- _What needs to be done_: Transcribe the full listing without changing a word, and omit its pictures.

- _Input_:
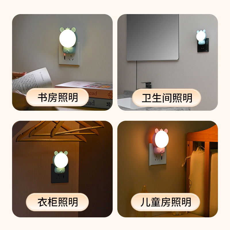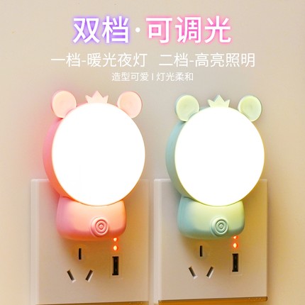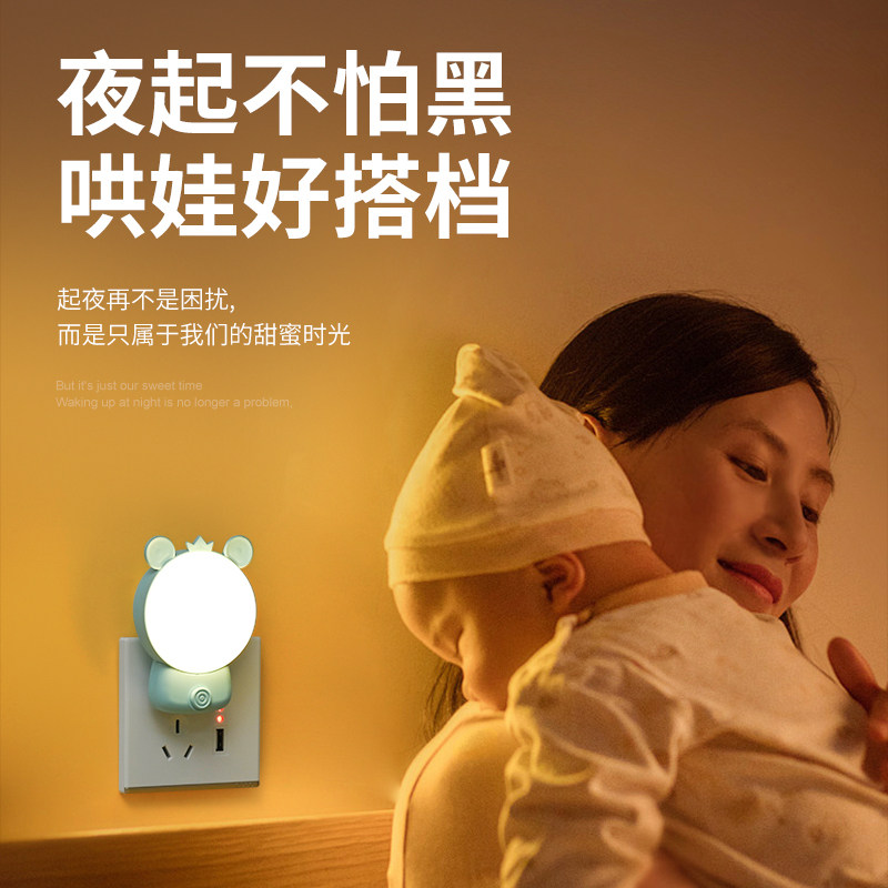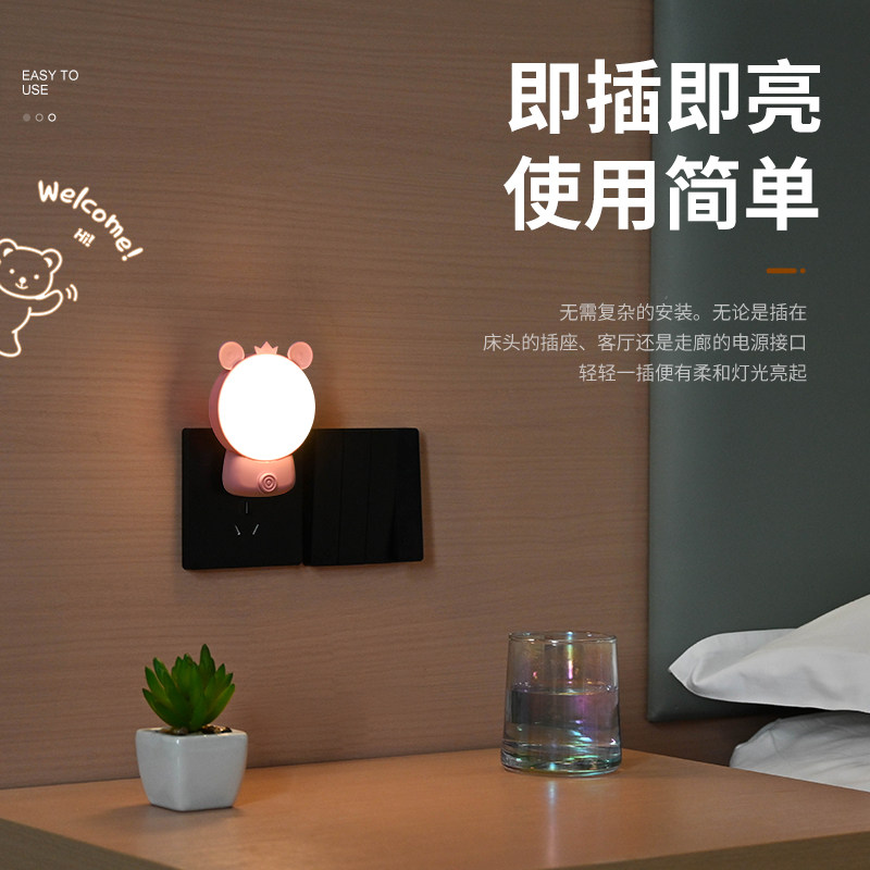卡通小熊小夜灯插电带开关可调光婴儿喂奶插座卧室起夜可爱床头灯
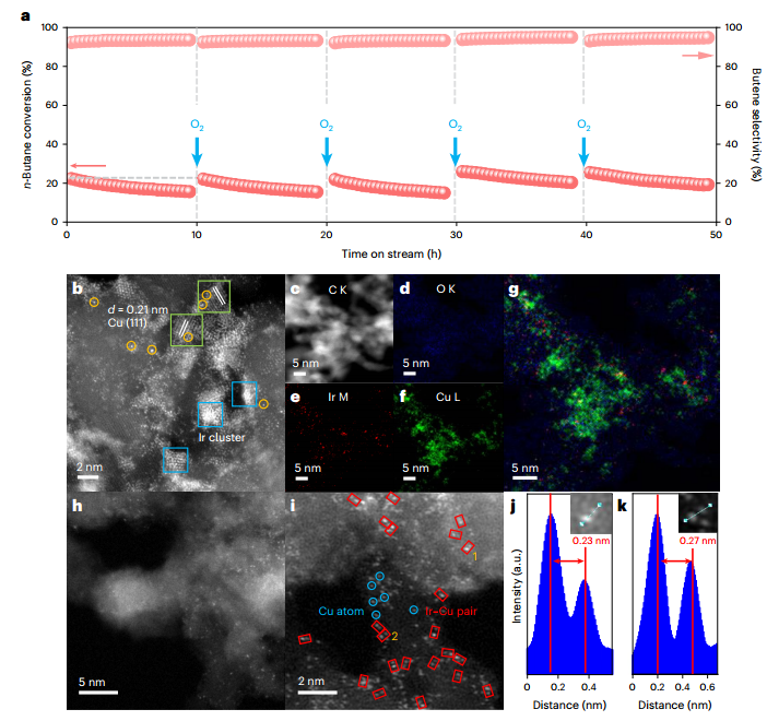 该研究通过构建Ir1-Cu1双原子催化剂,实现了丁烷低温高效脱氢制备丁烯,并且有效攻克了原子级分散金属催化剂在高温反应中易团聚、易失活的技术难题。以“A highly efficient and regenerable Ir1–Cu1 dual-atom catalyst for low-temperature alkane dehydrogenation”为题发表在国际顶级期刊Nature Catalysis上,引起了相关领域研究人员的热议。
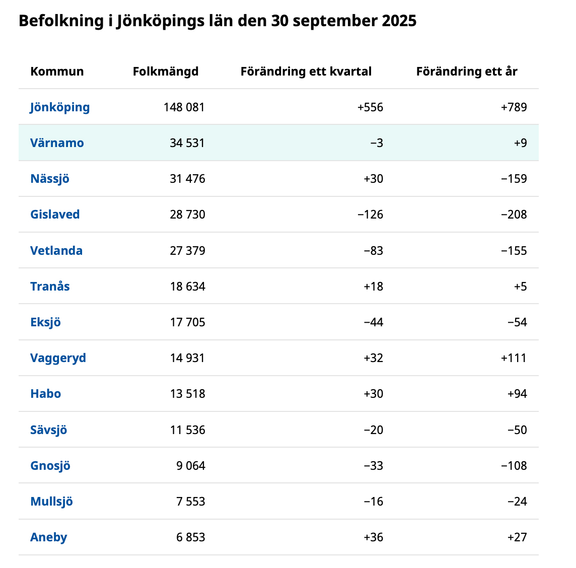 Den 30 september bodde 34 531 personer i Värnamo kommun, enligt SCB:s senaste siffror. Det är något färre än i slutet av andra kvartalet, men skillnaden är så liten att den lika gärna kan bero på den lilla justering som SCB gör av siffrorna för att skydda enskilda individers identitet.
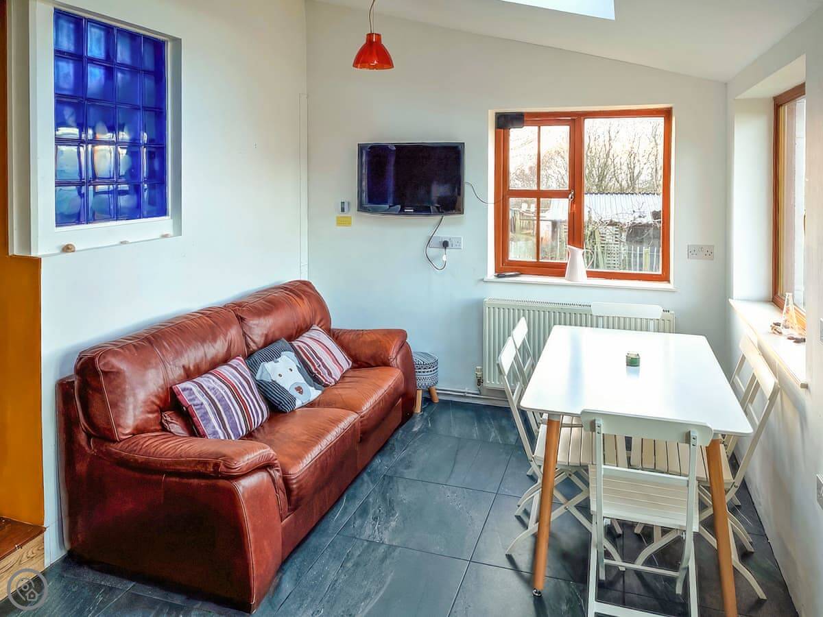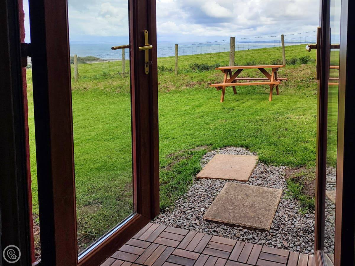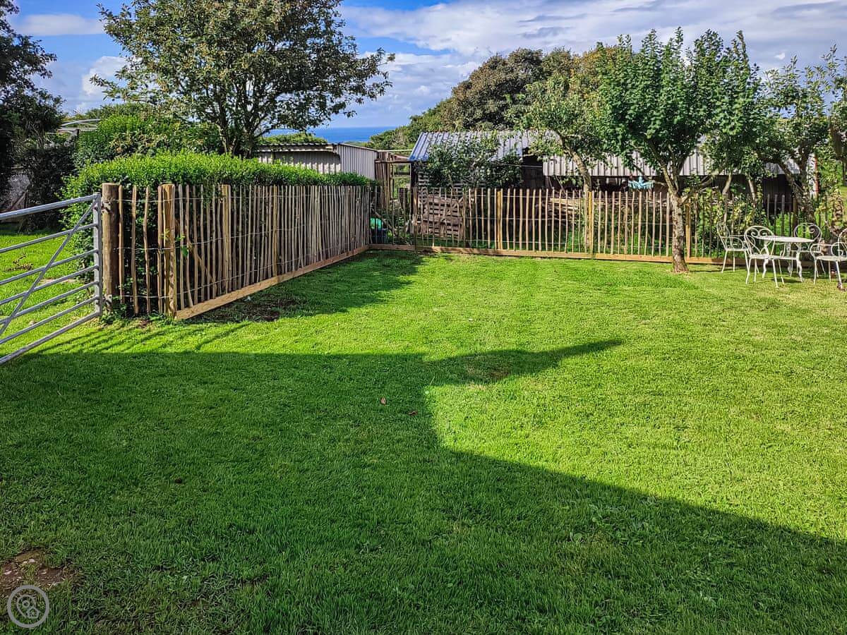 The bathroom is a wet room style with a walk-in shower. There's a kitchen and living area together, with doors out to the garden. The garden is a small lawn where you can sit.
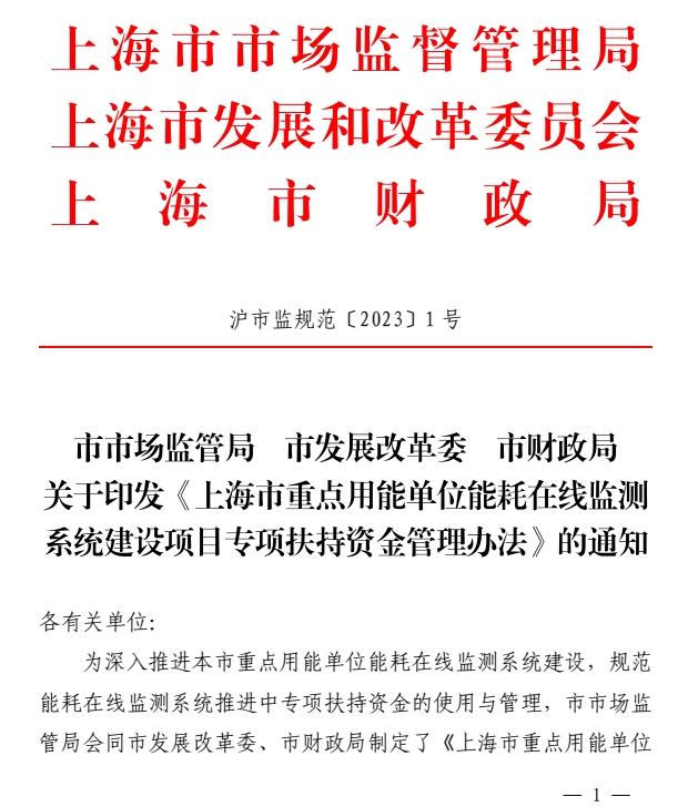 根據(jù)《上海市重點用能單位能耗在線監(jiān)測系統(tǒng)建設項目專項扶持資金管理辦法》(滬市監(jiān)規(guī)范〔2023〕1號)規(guī)定:
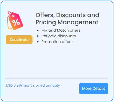 Deactivating the Offers, Discounts and Pricing Management plugin will have an impact on your existing subscription. Click here to know more about Subscription Management in Tagrain which details the plugin activation journey.

- _Answer space_:
卡通小熊小夜灯插电带开关可调光婴儿喂奶插座卧室起夜可爱床头灯
 该研究通过构建Ir1-Cu1双原子催化剂,实现了丁烷低温高效脱氢制备丁烯,并且有效攻克了原子级分散金属催化剂在高温反应中易团聚、易失活的技术难题。以“A highly efficient and regenerable Ir1–Cu1 dual-atom catalyst for low-temperature alkane dehydrogenation”为题发表在国际顶级期刊Nature Catalysis上,引起了相关领域研究人员的热议。
 Den 30 september bodde 34 531 personer i Värnamo kommun, enligt SCB:s senaste siffror. Det är något färre än i slutet av andra kvartalet, men skillnaden är så liten att den lika gärna kan bero på den lilla justering som SCB gör av siffrorna för att skydda enskilda individers identitet.
 The bathroom is a wet room style with a walk-in shower. There's a kitchen and living area together, with doors out to the garden. The garden is a small lawn where you can sit.
 根據(jù)《上海市重點用能單位能耗在線監(jiān)測系統(tǒng)建設項目專項扶持資金管理辦法》(滬市監(jiān)規(guī)范〔2023〕1號)規(guī)定:
 Deactivating the Offers, Discounts and Pricing Management plugin will have an impact on your existing subscription. Click here to know more about Subscription Management in Tagrain which details the plugin activation journey.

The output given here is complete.